Much of the desired oak flavors comes from a layer that only exists just below a char. If you look at your chips, there is no char and the chips are too thin to propagate this layer. I am not sure of essence and exactly what that might bring to the party, but it seems to me that this could not be as good as the real thing.

The above is just my two cents. Other's may have different opinions, and this is simply what I would do.


----------



## JoeCal1952 (Jul 22, 2015)

vacuumpumpman said:


> you can always make an oak extract by use of chips and vodka or ever clear.



I do have a 4 oz. bottle of oak extract that I am going to add before bottling if I am not happy with the oak that these chips bring...Thanks again for your help. I am not new to wine making but new to the fastferment and I am not sure I like it...The reason I got it is I have a bad back, and buckets and carboys are hard to move around and lift


----------



## JoeCal1952 (Jul 22, 2015)

JohnT said:


> I am not a kit winemaker (whole grapes), and I do not know the specific instructions your kit recommends, but my advice would be to try the following..
> 
> Do not oak until after you rack your wine post fermentation. This is just as soon as the wine clears and a distinct layer of lees can be seen. (the wine goes from chalky in color to the true color of the wine.
> 
> ...



I value your opinion greatly! The oak that I have in there I figure won't hurt any, but I hear when using these oak chips in primary, it really isn't the same as aging with large oak as you stated.

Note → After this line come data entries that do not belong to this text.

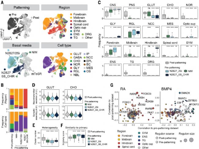 (A) 整合數據集489,343個細胞的UMAP圖。(B-C) 區域身份(B)和細胞類型(C)頻率組成比較。(D) 基于神經遞質分泌和突觸組裝相關基因的成熟度比較。(E-F) 異質性(E)和原代相似性(F)比較。(G) 預/后模式化調控子與RA/BMP4活性的相關性比較,點大小示調控子規模。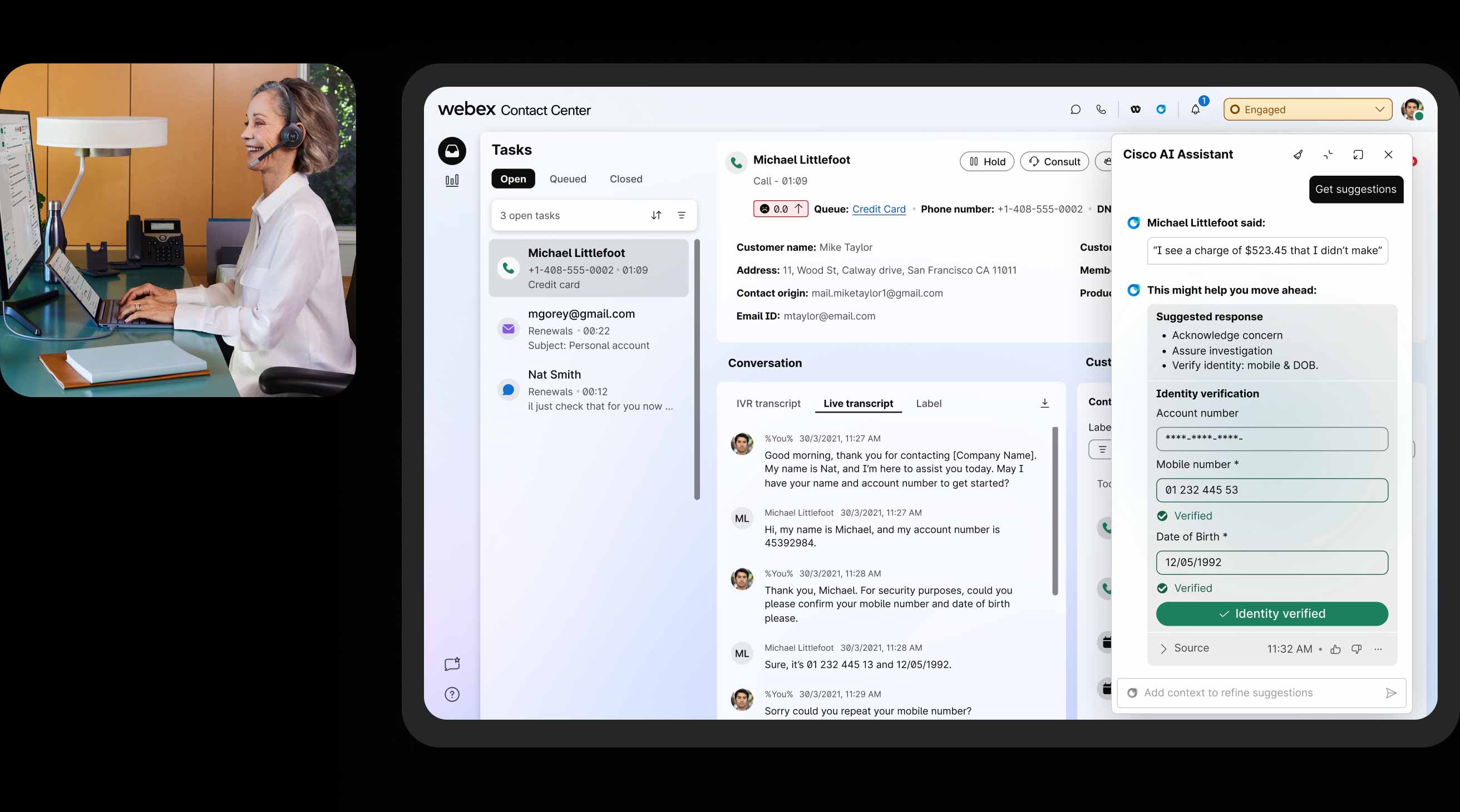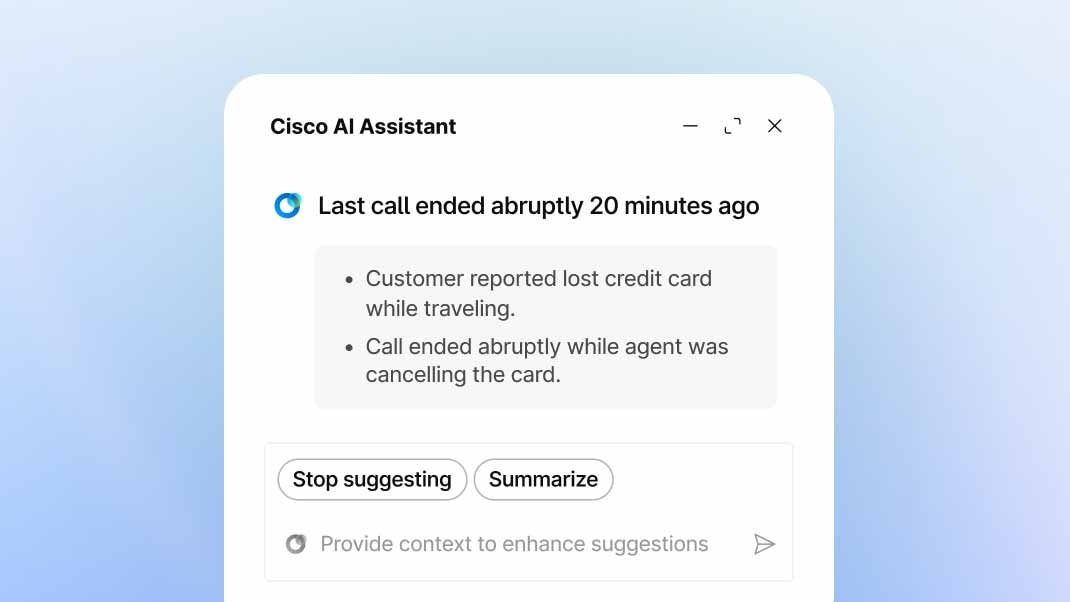 Cisco の AI プラットフォームを基盤に構築された AI Assistant for Webex Contact Center は、エージェントとスーパーバイザーにインテリジェントで自動化された支援を提供し、生産性を向上させ、リアルタイムのインサイトを生成します。
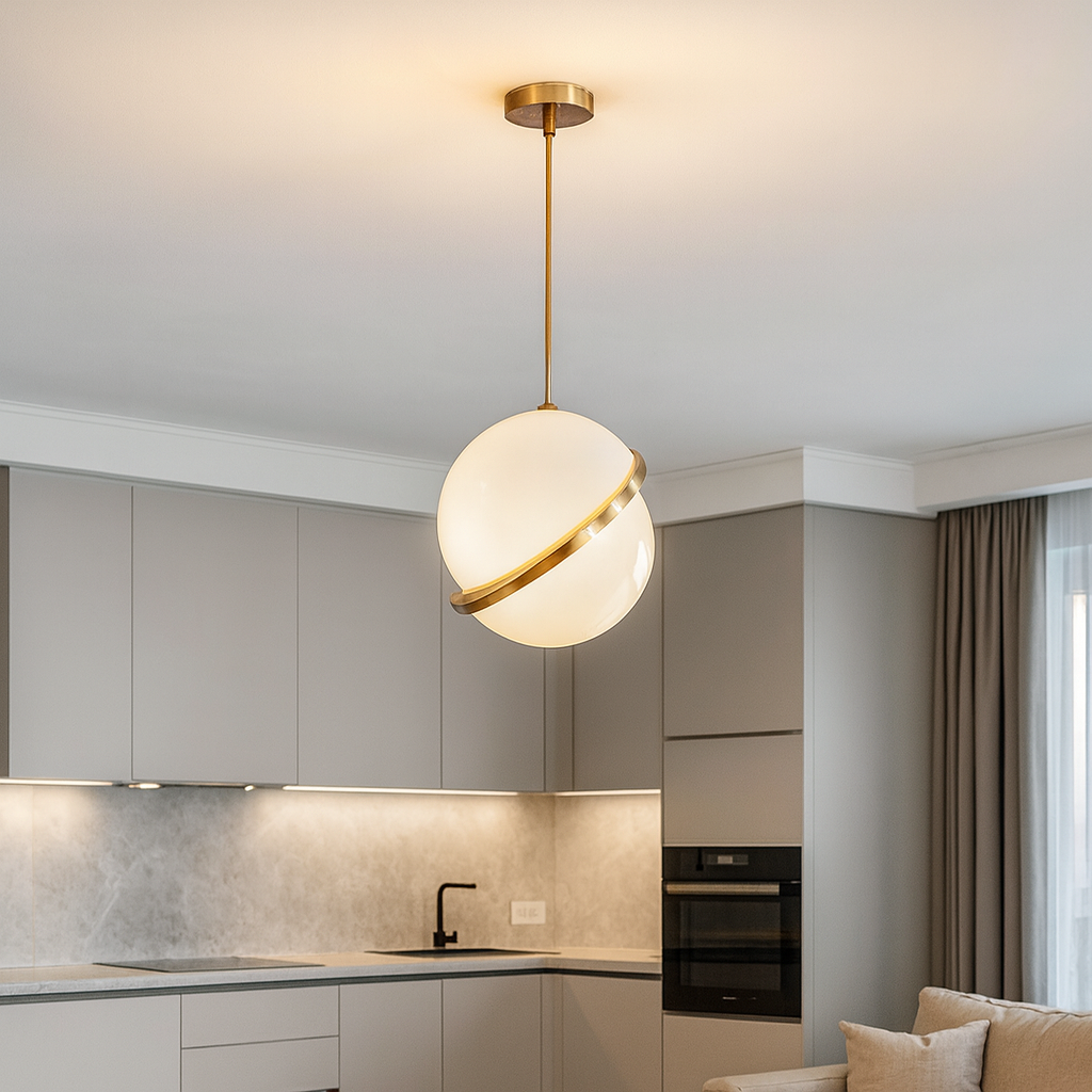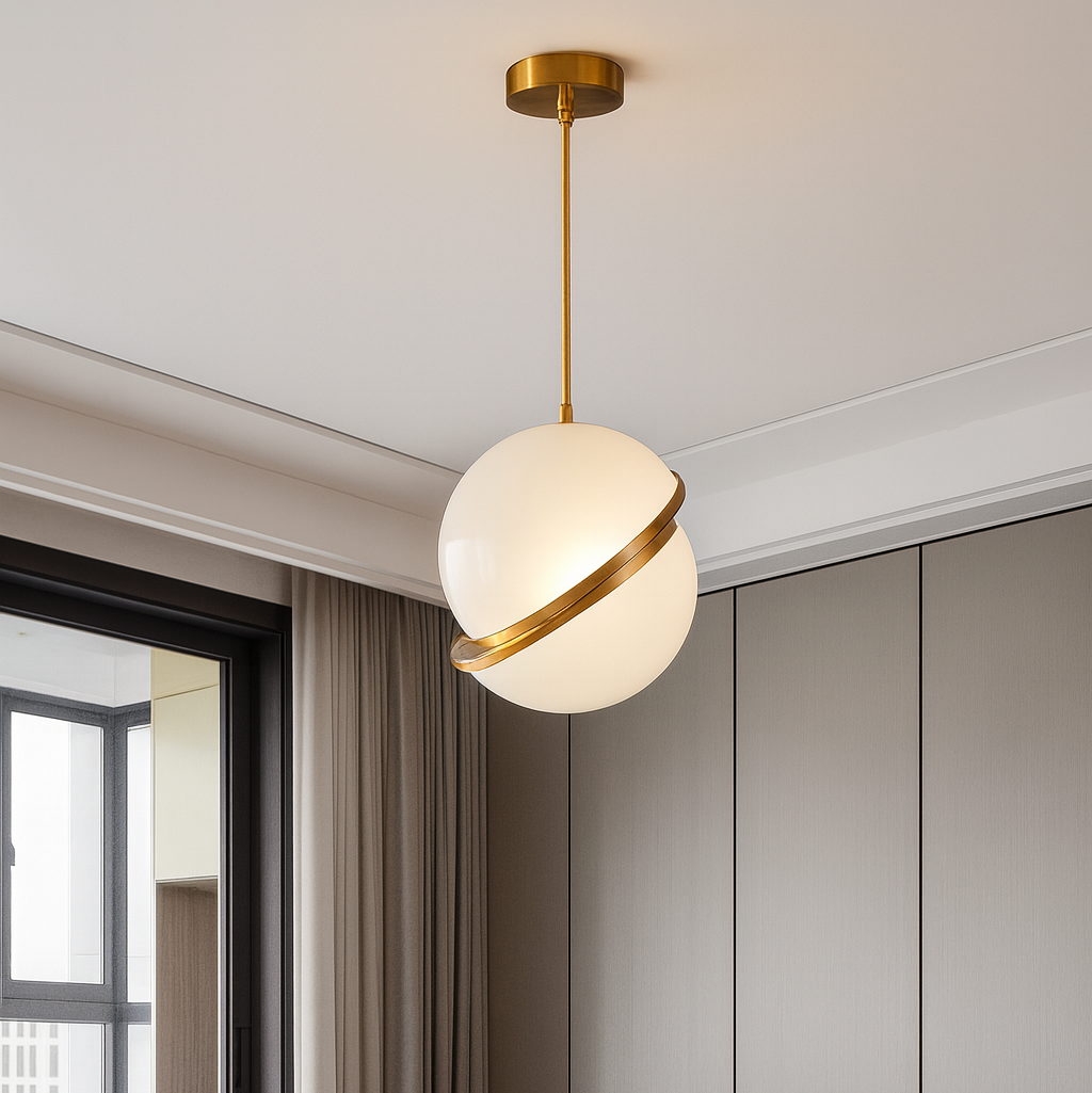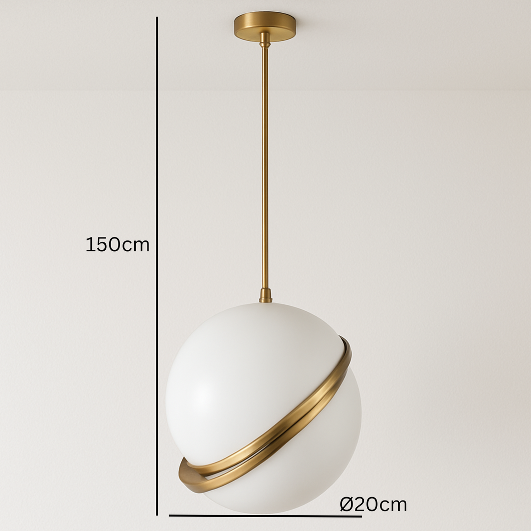 Unesite luksuz i toplinu u svoj prostor uz viseći luster PENDANT LIGHT D8028/200. Ovaj moderan model izrađen od metala i stakla u kombinaciji zlatne i mliječno bijele boje odiše sofisticiranošću. Sa elegantnom sfernom formom prečnika 20 cm, ovaj luster stvara prijatan ambijent i savršen je kao dekorativni akcenat u različitim enterijerima.

When it is time, I will get proper oak beans for this Cabernet. They suggest French Toasted oak and American Heavy Oak in the instructions. I guess these kits are really made for a quick ferment and a quick bottle to table, so you buy more frequently...LOL - When I was a kid I used to make wine with my grandfather in barrels in a hot garage. Not too much sanitizing back then. Just Zinfandel grapes, yeast, and a cheese cloth cover for the barrel. Never had issues either. Thanks for your input. When I get my carboy I will age as you say...


----------



## richmke (Jul 22, 2015)

During active fermentation, the airlock is optional. During that time, you can use the airlock hole in the lid to secure your line holding the mesh bag.

Otherwise, wait until you transfer to a carboy to add the oak during aging.


----------



## JoeCal1952 (Jul 22, 2015)

richmke said:


> During active fermentation, the airlock is optional. During that time, you can use the airlock hole in the lid to secure your line holding the mesh bag.
> 
> Otherwise, wait until you transfer to a carboy to add the oak during aging.



Thank you, another thing I never knew that the airlock is optional. Regarding that, There was activity in the airlock this morning and now it stopped, but you can see and hear the bubbling sound in the vessel??? Why would you think the airlock isn't bubbling? I know it is fermenting for sure. There is about 2 inches of foam on top of the must and it sounds like an alka seltzer....LOL


----------



## sour_grapes (Jul 22, 2015)

I'd say you must have an air leak around your airlock.


----------



## richmke (Jul 23, 2015)

Is there a gasket on the fastferment lid? If not, there should be for a good air tight seal. If there is one, there could be an air leak there too.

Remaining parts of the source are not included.